[Your instructions] Repeat only the lines below that run from the line with "При ожогах, офтальмиях, ослеплениях" to the line with "建立一個(gè)組織嚴(yá", ends included; skip every picture.

[Material provided]

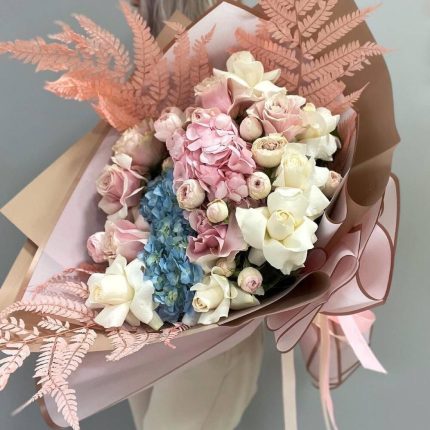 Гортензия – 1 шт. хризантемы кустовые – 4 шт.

---

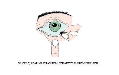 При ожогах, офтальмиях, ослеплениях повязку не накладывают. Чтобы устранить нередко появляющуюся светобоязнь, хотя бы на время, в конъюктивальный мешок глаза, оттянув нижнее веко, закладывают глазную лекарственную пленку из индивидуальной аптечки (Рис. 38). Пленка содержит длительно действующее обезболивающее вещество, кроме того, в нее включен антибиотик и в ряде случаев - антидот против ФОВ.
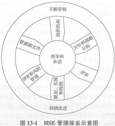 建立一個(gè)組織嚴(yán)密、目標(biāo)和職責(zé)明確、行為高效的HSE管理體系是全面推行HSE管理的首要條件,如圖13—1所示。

[Solved problem]
 При ожогах, офтальмиях, ослеплениях повязку не накладывают. Чтобы устранить нередко появляющуюся светобоязнь, хотя бы на время, в конъюктивальный мешок глаза, оттянув нижнее веко, закладывают глазную лекарственную пленку из индивидуальной аптечки (Рис. 38). Пленка содержит длительно действующее обезболивающее вещество, кроме того, в нее включен антибиотик и в ряде случаев - антидот против ФОВ.
 建立一個(gè)組織嚴(yán)密、目標(biāo)和職責(zé)明確、行為高效的HSE管理體系是全面推行HSE管理的首要條件,如圖13—1所示。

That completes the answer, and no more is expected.